Hacker News new | past | comments | ask | show | jobs | submit
I mean, I fully agree, but how would any jurisdiction even enforce this? If the manufacturer goes out of business, their cloud service will be shut down 90% of the time (exception is if some entity buys the bankrupt company to restructure it). No one has any incentive to keep a service running that makes no money.

And I believe (not totally sure though) that IP is always part of the bankruptcy assets so probably insolvent companies are not even allowed to just open-source their stuff and allow configuration of the backend so users could set up community-servers and keep things running.

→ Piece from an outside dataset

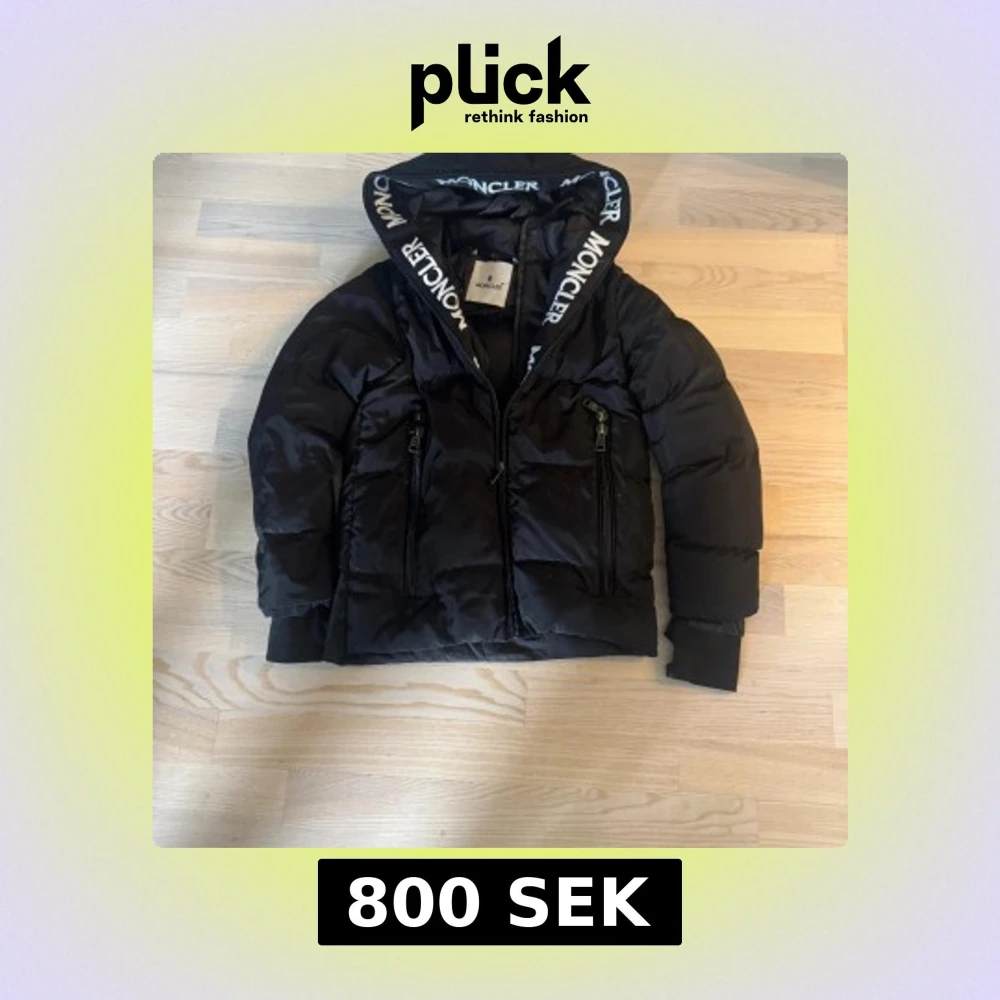 Snygg svart pufferjacka från Moncler med stor huva och tydlig logga på huvkanten. Jackan har två dragkedjeförsedda fickor framtill, ribbade muddar och klassisk Moncler-patch på ärmen. Perfekt för kalla dagar och riktigt street i stilen.

Completely different are cases where companies continue to live but lock features behind new paywalls like Happiest Baby with their Snoo bassinet, invent fees to hinder re-sale like Peloton or cripple working hardware like Sonos did.

Those make me unreasonably mad, not just because I already have too many subscriptions for things that improve my QoL but add up, but also because I do care about my CO2 and environmental footprint. I do not want to trash working devices just because they are now 2 years old. Companies should untether them if they think further cloud support is no longer viable and at the very least should support them for 7-10y.

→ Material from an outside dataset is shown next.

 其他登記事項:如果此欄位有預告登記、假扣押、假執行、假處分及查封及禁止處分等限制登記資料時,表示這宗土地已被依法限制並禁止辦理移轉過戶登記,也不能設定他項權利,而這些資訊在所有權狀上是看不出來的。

Make it a legal requirement that if they brick the devices they owe the purchaser a refund for the value of any parts of the hardware that are compromised, minus some depreciation schedule. Then they have an incentive to keep running that service even if it's not currently making them any money. If they go out of business, that obligation is the same as any other on the books - assets will be sold off to cover the debts as best as possible, or some other agreement reached. Patching some code so that the system isn't bricked when the server shuts down is almost certainly cheaper than giving everyone their money back.
Force the manufacturer to release their source code for any server-side component of any product. Or API specifications and any HAB keys needed to boot new firmware on the device.